** Data records follows **

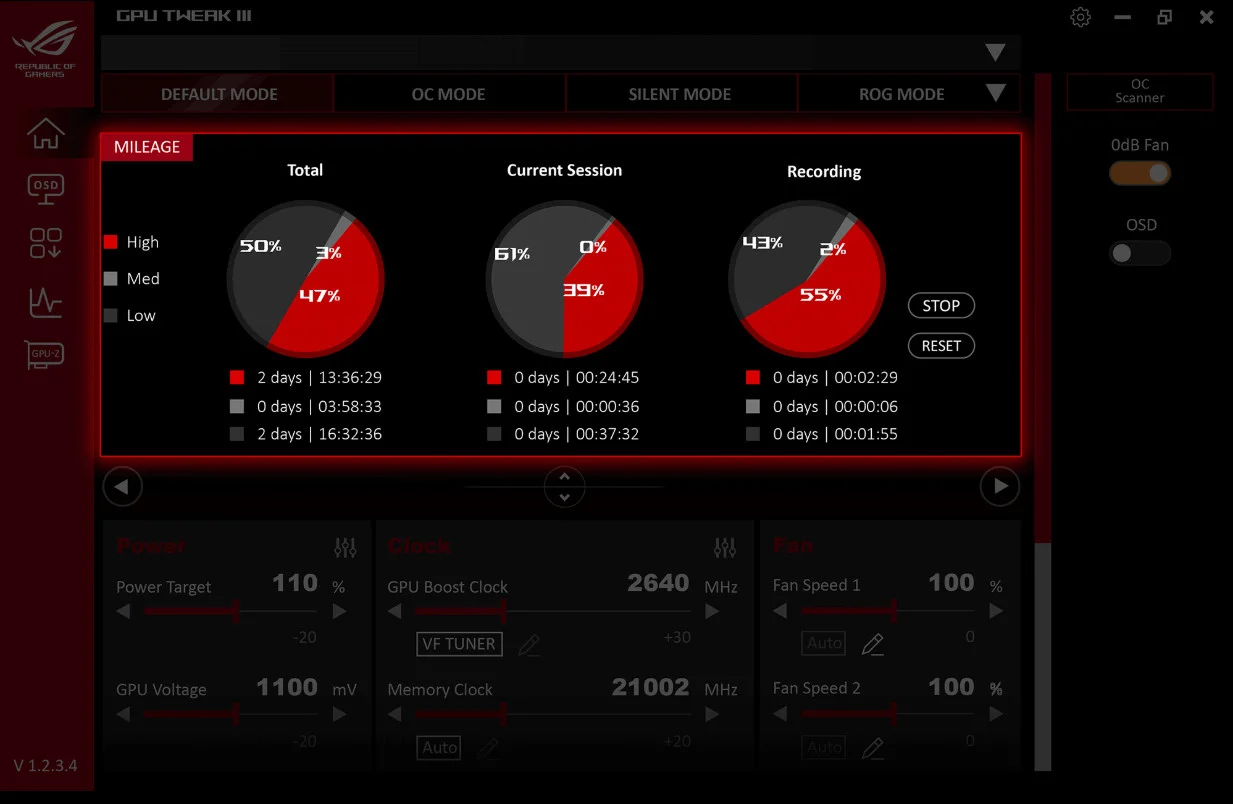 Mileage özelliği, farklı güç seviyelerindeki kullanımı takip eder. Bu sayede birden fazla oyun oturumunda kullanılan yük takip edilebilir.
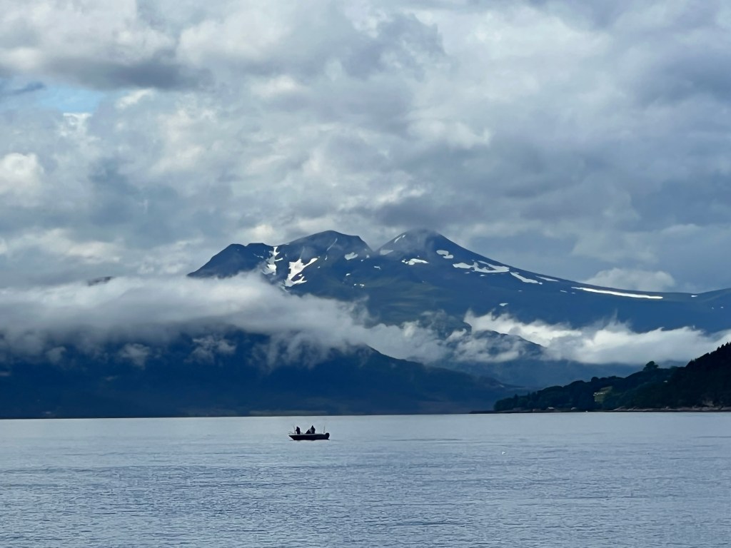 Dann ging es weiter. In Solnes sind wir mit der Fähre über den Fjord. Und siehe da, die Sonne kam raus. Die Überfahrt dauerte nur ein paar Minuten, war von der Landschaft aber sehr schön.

** End of Data records **
** Data records follows **

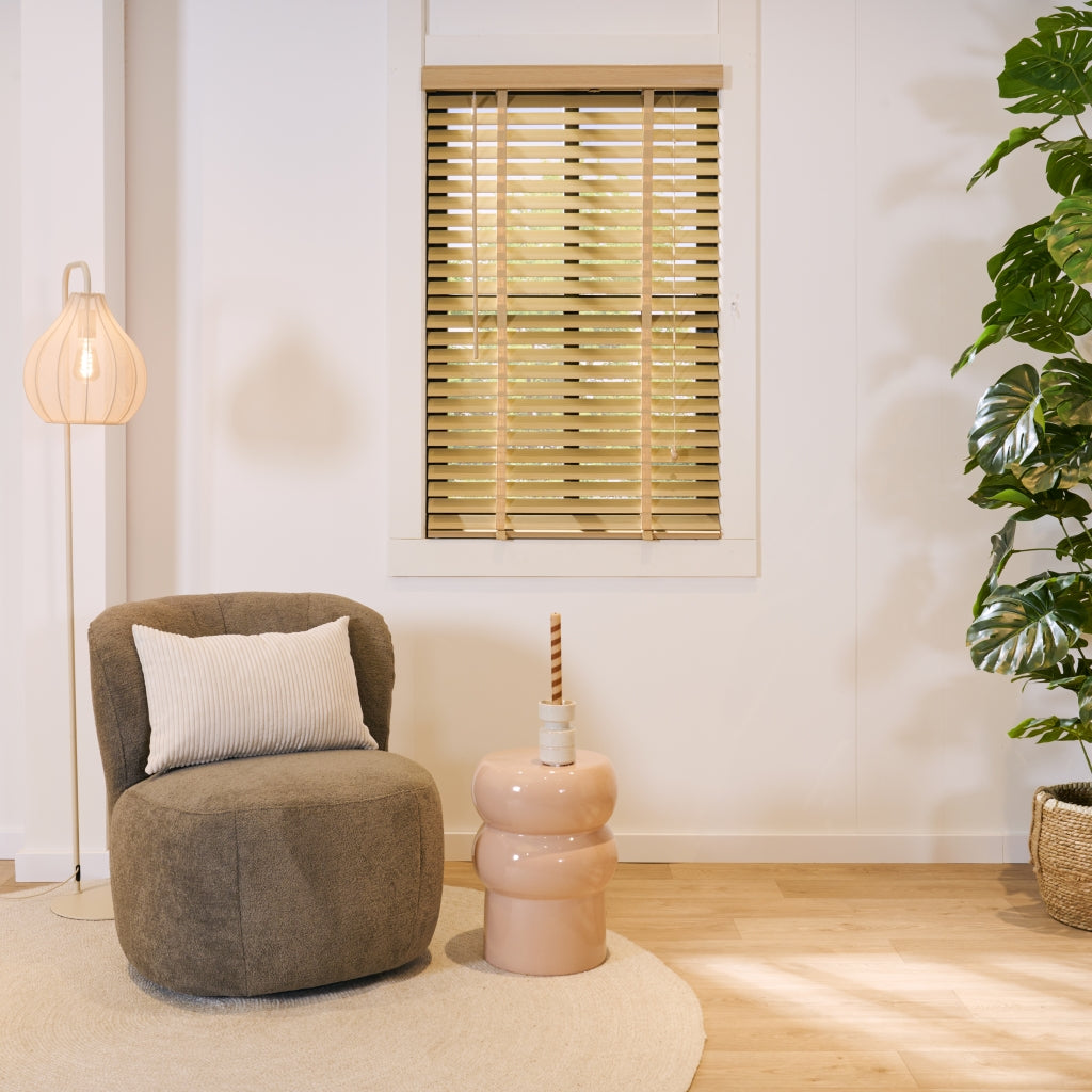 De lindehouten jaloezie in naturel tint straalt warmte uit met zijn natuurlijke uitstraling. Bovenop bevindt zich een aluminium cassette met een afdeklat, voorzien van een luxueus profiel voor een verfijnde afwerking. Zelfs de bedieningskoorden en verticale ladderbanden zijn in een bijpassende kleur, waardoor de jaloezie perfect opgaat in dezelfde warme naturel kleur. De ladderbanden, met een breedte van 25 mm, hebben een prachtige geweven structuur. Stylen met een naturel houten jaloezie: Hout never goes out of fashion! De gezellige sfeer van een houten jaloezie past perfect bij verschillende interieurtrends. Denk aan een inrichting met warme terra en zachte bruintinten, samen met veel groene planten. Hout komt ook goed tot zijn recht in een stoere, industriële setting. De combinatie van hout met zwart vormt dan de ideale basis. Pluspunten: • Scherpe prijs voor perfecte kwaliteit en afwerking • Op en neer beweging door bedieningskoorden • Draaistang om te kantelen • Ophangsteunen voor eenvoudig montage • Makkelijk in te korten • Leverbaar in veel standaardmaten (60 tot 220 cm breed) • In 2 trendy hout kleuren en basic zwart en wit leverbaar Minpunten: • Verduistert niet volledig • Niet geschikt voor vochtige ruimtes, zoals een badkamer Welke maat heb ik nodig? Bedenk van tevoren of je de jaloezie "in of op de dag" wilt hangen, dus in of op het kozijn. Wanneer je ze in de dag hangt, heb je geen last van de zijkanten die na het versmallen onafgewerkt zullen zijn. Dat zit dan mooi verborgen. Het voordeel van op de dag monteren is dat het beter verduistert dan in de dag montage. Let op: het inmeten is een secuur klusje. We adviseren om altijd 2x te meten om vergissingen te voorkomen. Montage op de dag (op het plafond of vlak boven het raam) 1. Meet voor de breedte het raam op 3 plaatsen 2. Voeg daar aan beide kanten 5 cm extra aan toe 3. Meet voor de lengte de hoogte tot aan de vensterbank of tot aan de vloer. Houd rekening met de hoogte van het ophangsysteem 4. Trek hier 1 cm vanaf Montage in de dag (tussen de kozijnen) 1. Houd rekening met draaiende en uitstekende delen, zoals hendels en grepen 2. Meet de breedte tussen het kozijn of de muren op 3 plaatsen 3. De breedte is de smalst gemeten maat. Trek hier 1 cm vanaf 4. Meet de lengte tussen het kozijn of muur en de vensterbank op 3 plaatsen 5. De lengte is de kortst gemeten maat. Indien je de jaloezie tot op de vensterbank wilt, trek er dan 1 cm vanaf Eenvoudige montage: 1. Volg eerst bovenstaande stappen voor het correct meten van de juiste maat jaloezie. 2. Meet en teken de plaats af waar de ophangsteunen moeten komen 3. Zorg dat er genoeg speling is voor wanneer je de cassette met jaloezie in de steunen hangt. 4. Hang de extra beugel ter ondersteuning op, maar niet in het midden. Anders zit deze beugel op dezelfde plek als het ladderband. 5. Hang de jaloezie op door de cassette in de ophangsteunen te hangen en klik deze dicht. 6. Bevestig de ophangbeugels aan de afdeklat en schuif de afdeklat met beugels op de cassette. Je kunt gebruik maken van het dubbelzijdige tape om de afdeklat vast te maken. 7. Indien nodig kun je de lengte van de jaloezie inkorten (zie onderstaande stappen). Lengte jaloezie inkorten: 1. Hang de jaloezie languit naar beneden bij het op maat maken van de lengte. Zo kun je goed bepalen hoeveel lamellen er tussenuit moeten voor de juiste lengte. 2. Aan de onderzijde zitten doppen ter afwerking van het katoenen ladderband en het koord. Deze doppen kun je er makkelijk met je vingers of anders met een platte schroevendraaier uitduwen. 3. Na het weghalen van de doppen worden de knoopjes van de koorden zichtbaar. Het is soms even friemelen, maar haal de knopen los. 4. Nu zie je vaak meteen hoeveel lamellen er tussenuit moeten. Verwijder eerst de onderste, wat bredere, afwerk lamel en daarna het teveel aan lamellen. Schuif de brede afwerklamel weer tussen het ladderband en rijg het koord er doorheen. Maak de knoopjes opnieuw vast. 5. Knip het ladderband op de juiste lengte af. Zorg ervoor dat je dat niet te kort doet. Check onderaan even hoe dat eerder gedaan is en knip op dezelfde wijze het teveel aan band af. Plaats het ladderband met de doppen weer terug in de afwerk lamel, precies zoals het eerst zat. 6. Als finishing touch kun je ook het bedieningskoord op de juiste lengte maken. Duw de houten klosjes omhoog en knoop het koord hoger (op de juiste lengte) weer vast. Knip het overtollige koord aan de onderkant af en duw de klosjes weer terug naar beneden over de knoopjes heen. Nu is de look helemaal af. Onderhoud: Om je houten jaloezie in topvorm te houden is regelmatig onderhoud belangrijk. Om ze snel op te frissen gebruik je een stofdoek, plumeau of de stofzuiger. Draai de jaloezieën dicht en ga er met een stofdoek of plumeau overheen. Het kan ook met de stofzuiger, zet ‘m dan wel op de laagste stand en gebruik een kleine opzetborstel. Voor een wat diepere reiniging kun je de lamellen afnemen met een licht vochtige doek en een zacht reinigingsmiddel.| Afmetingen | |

** End of Data records **

For this exercise, reproduce exactly the lines of the records above from the one with "Mileage özelliği, farklı" up to and including the one with "Dann ging es", without pictures.

● Reply to the exercise:
 Mileage özelliği, farklı güç seviyelerindeki kullanımı takip eder. Bu sayede birden fazla oyun oturumunda kullanılan yük takip edilebilir.
 Dann ging es weiter. In Solnes sind wir mit der Fähre über den Fjord. Und siehe da, die Sonne kam raus. Die Überfahrt dauerte nur ein paar Minuten, war von der Landschaft aber sehr schön.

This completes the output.